◆ **TRY IT**
Output the whole listing below exactly, omitting the images.

◆ **AVAILABLE DATA**

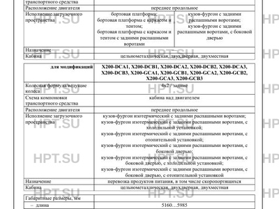 | Исполнение загрузочного пространства | бортовая платформа; бортовая платформа с каркасом и тентом; бортовая платформа с каркасом и тентом с задними распашными воротами кузов-фургон с задними распашными воротами; кузов-фургон с задними распашными воротами, с боковой дверью кузов-фургон изотермический с задними распашными воротами; кузов-фургон изотермический с задними распашными воротами, с холодильной установкой; кузов-фургон изотермический с задними распашными воротами, с отопительной установкой; кузов-фургон изотермический с задними распашными воротами, с боковой дверью; кузов-фургон изотермический с задними распашными воротами, с боковой дверью, с холодильной установкой; кузов-фургон изотермический с задними распашными воротами, с боковой дверью, с отопительной установкой |
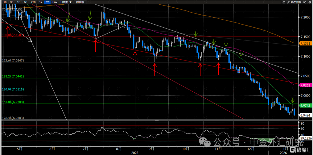 图表17:美元兑离岸人民币(日线)走势技术分析
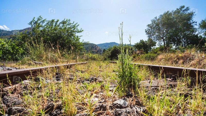 Зеленая трава на старой железной дороге в Сицилии
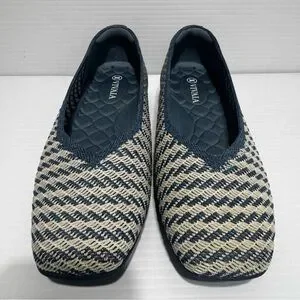 Vivaia Margot Light Blue Square Toes Knit Flats Size 37.5

◆ **EXERCISE SOLUTION**
 | Исполнение загрузочного пространства | бортовая платформа; бортовая платформа с каркасом и тентом; бортовая платформа с каркасом и тентом с задними распашными воротами кузов-фургон с задними распашными воротами; кузов-фургон с задними распашными воротами, с боковой дверью кузов-фургон изотермический с задними распашными воротами; кузов-фургон изотермический с задними распашными воротами, с холодильной установкой; кузов-фургон изотермический с задними распашными воротами, с отопительной установкой; кузов-фургон изотермический с задними распашными воротами, с боковой дверью; кузов-фургон изотермический с задними распашными воротами, с боковой дверью, с холодильной установкой; кузов-фургон изотермический с задними распашными воротами, с боковой дверью, с отопительной установкой |
 图表17:美元兑离岸人民币(日线)走势技术分析
 Зеленая трава на старой железной дороге в Сицилии
 Vivaia Margot Light Blue Square Toes Knit Flats Size 37.5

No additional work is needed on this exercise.